> YOUR GOAL: Please repeat each line below exactly, with no images in the copy.

*** DATA BLOCK Section Begins ***

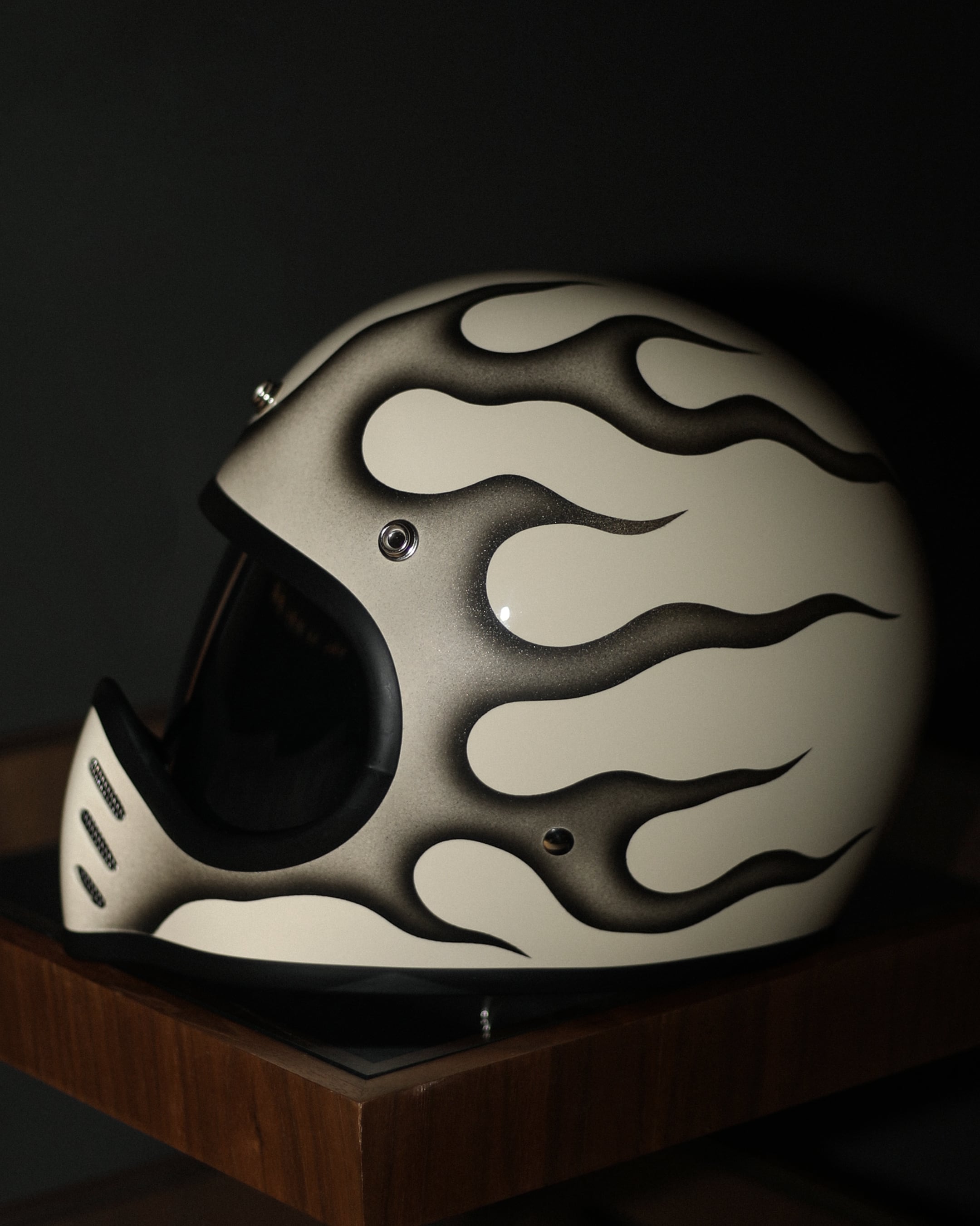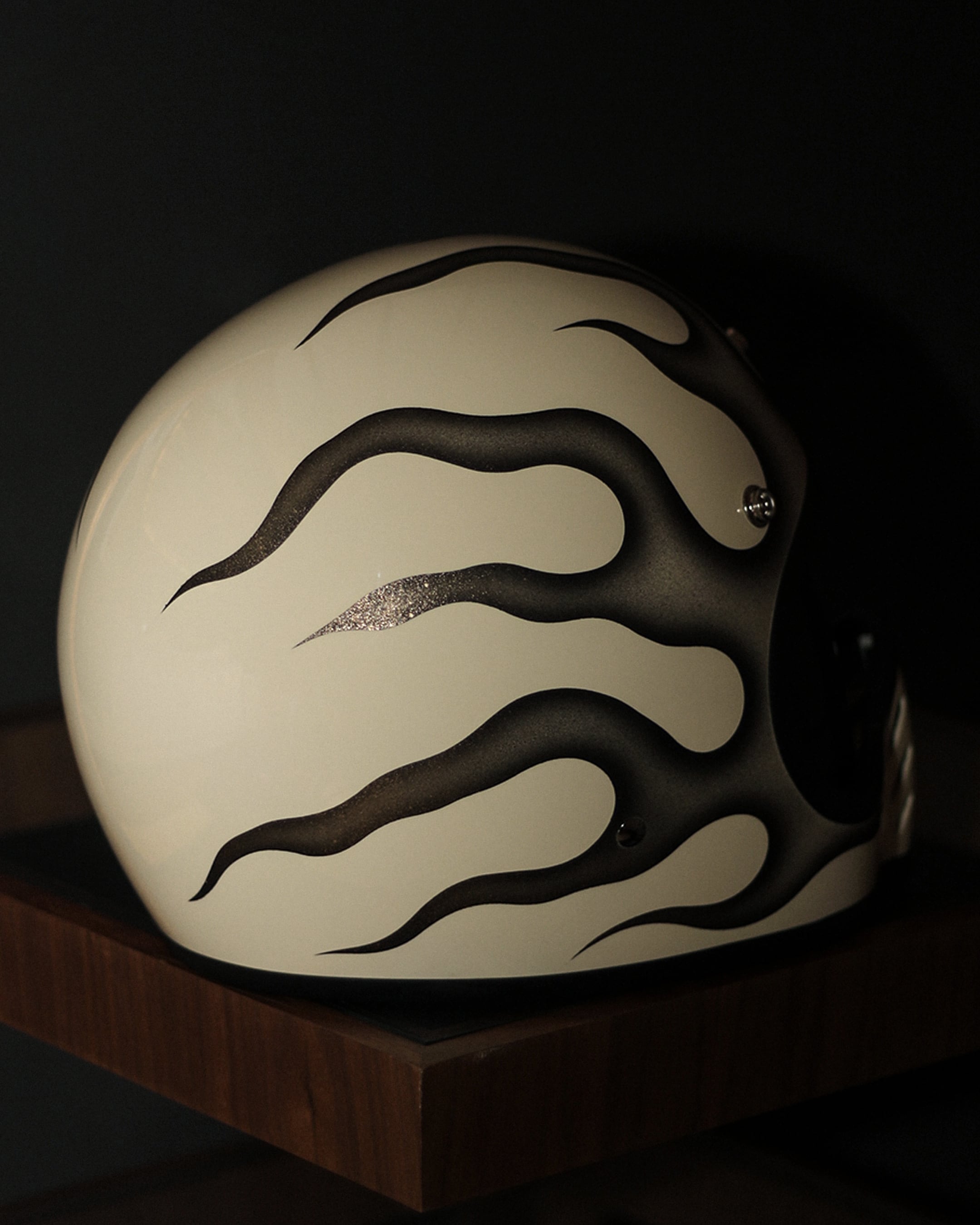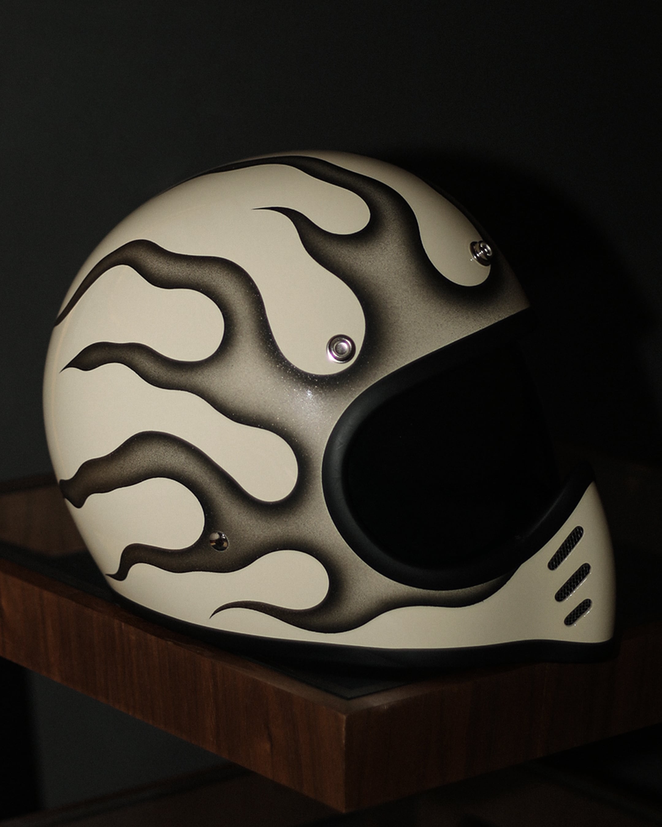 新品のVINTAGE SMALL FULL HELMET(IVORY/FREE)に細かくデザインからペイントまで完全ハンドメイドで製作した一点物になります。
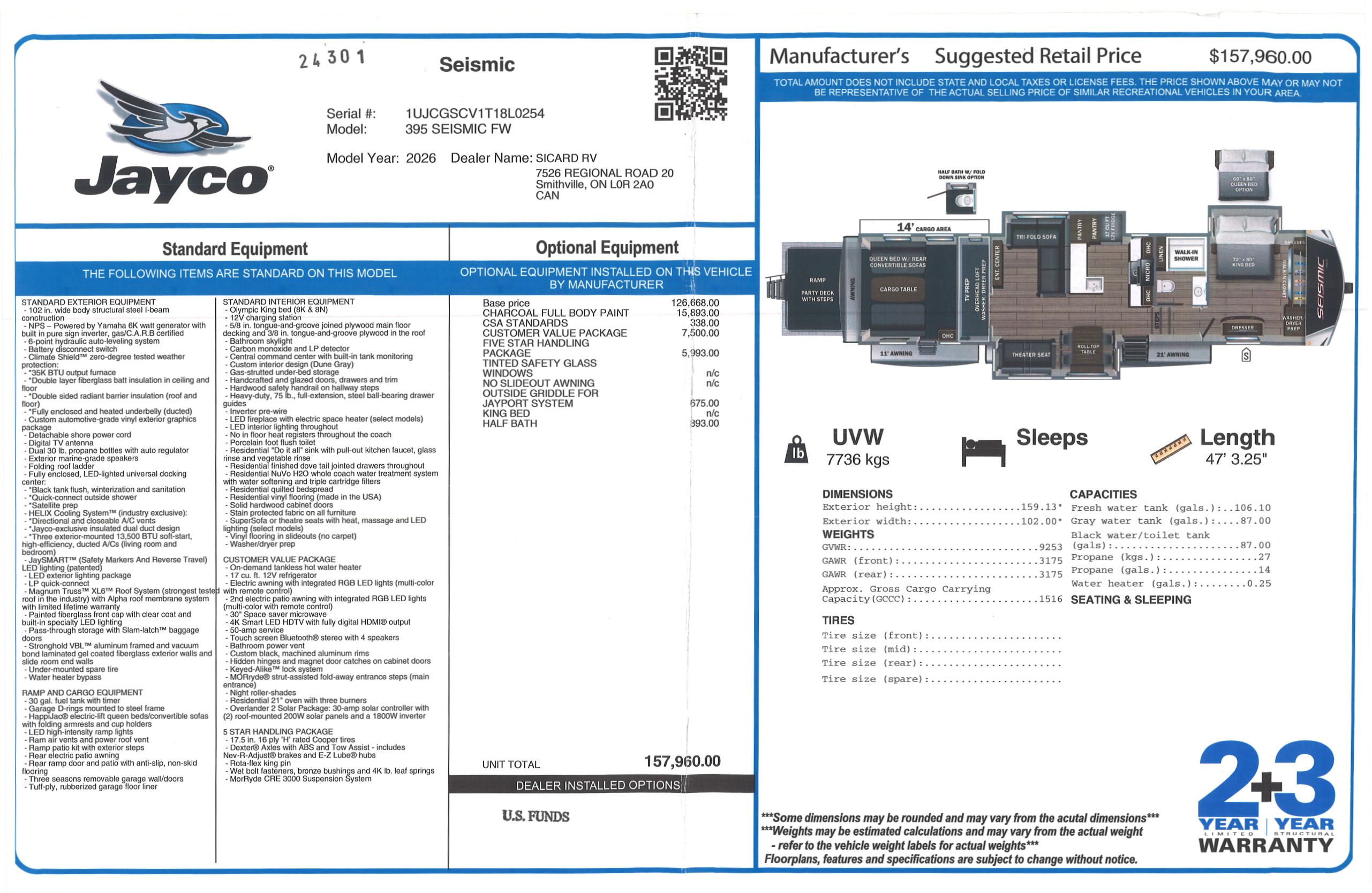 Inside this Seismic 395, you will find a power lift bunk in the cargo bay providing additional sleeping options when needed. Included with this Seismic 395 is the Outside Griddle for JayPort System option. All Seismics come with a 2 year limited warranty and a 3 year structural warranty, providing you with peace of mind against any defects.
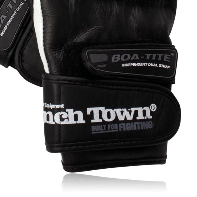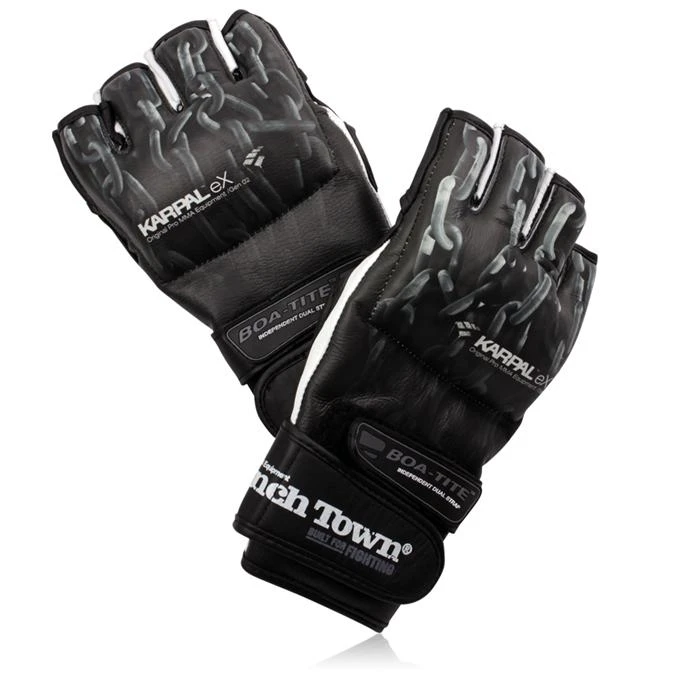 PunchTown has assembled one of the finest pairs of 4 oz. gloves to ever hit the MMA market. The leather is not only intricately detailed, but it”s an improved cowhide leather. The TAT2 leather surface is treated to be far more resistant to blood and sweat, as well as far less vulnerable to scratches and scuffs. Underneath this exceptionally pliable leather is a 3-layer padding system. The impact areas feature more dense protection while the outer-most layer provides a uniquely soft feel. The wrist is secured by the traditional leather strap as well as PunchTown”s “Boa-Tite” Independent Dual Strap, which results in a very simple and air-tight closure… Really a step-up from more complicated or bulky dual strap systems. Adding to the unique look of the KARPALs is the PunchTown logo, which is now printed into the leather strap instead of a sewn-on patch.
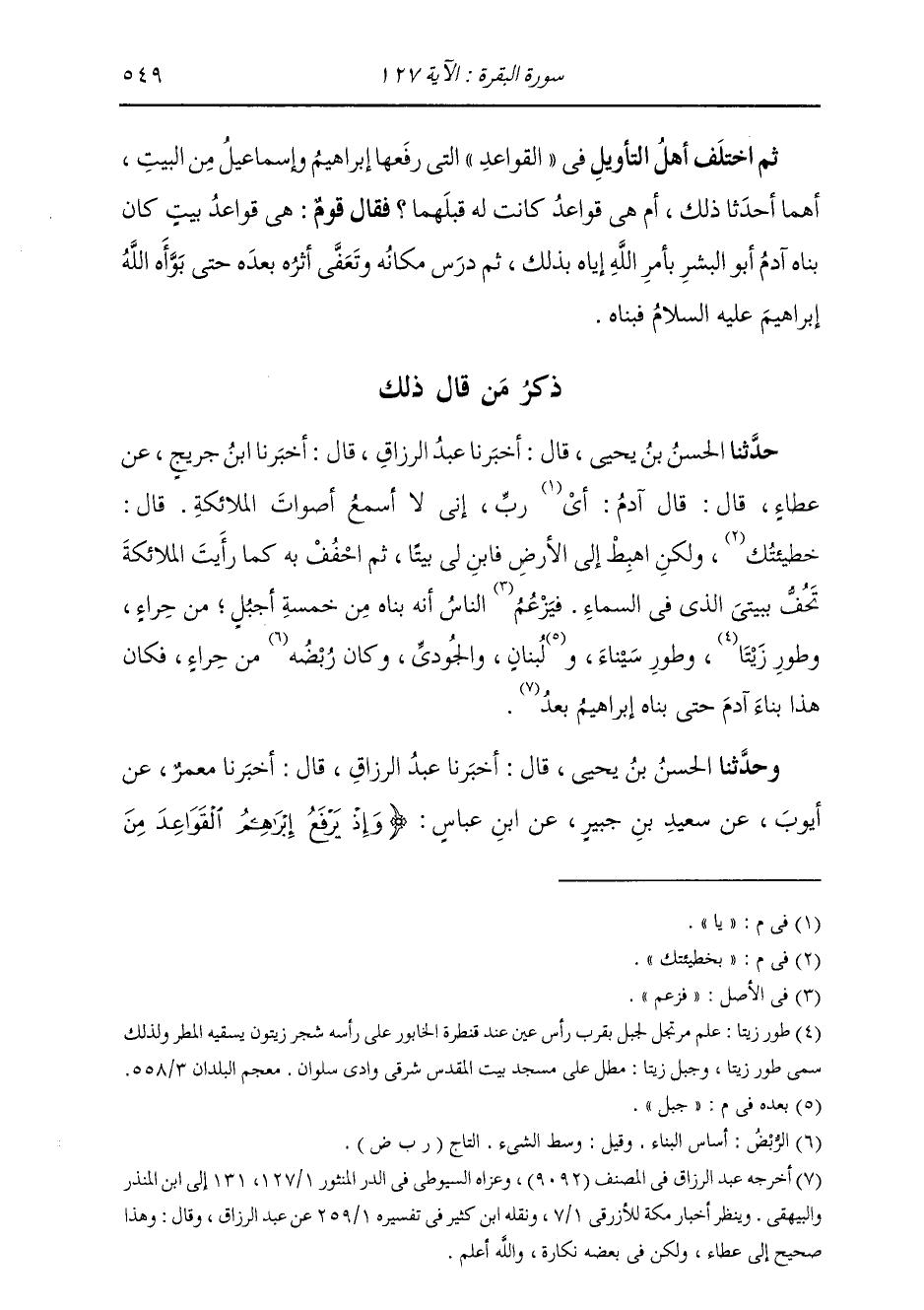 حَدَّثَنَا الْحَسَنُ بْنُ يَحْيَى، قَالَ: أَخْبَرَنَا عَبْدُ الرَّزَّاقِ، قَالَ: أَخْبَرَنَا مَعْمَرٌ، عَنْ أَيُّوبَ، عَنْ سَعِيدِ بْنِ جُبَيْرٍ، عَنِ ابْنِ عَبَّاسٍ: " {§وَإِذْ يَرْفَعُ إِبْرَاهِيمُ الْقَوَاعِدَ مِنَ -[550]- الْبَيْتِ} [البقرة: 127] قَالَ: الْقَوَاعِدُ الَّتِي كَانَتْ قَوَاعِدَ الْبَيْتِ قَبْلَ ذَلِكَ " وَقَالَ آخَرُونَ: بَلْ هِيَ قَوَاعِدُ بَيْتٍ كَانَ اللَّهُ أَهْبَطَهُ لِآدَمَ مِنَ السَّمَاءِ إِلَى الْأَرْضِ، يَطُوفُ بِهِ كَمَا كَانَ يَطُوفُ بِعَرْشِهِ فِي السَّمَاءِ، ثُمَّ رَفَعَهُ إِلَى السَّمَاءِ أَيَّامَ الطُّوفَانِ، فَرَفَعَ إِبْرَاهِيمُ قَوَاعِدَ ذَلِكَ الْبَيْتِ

*** DATA BLOCK Section Ends ***

> EXERCISE RESULT:
 新品のVINTAGE SMALL FULL HELMET(IVORY/FREE)に細かくデザインからペイントまで完全ハンドメイドで製作した一点物になります。
 Inside this Seismic 395, you will find a power lift bunk in the cargo bay providing additional sleeping options when needed. Included with this Seismic 395 is the Outside Griddle for JayPort System option. All Seismics come with a 2 year limited warranty and a 3 year structural warranty, providing you with peace of mind against any defects.
 PunchTown has assembled one of the finest pairs of 4 oz. gloves to ever hit the MMA market. The leather is not only intricately detailed, but it”s an improved cowhide leather. The TAT2 leather surface is treated to be far more resistant to blood and sweat, as well as far less vulnerable to scratches and scuffs. Underneath this exceptionally pliable leather is a 3-layer padding system. The impact areas feature more dense protection while the outer-most layer provides a uniquely soft feel. The wrist is secured by the traditional leather strap as well as PunchTown”s “Boa-Tite” Independent Dual Strap, which results in a very simple and air-tight closure… Really a step-up from more complicated or bulky dual strap systems. Adding to the unique look of the KARPALs is the PunchTown logo, which is now printed into the leather strap instead of a sewn-on patch.
 حَدَّثَنَا الْحَسَنُ بْنُ يَحْيَى، قَالَ: أَخْبَرَنَا عَبْدُ الرَّزَّاقِ، قَالَ: أَخْبَرَنَا مَعْمَرٌ، عَنْ أَيُّوبَ، عَنْ سَعِيدِ بْنِ جُبَيْرٍ، عَنِ ابْنِ عَبَّاسٍ: " {§وَإِذْ يَرْفَعُ إِبْرَاهِيمُ الْقَوَاعِدَ مِنَ -[550]- الْبَيْتِ} [البقرة: 127] قَالَ: الْقَوَاعِدُ الَّتِي كَانَتْ قَوَاعِدَ الْبَيْتِ قَبْلَ ذَلِكَ " وَقَالَ آخَرُونَ: بَلْ هِيَ قَوَاعِدُ بَيْتٍ كَانَ اللَّهُ أَهْبَطَهُ لِآدَمَ مِنَ السَّمَاءِ إِلَى الْأَرْضِ، يَطُوفُ بِهِ كَمَا كَانَ يَطُوفُ بِعَرْشِهِ فِي السَّمَاءِ، ثُمَّ رَفَعَهُ إِلَى السَّمَاءِ أَيَّامَ الطُّوفَانِ، فَرَفَعَ إِبْرَاهِيمُ قَوَاعِدَ ذَلِكَ الْبَيْتِ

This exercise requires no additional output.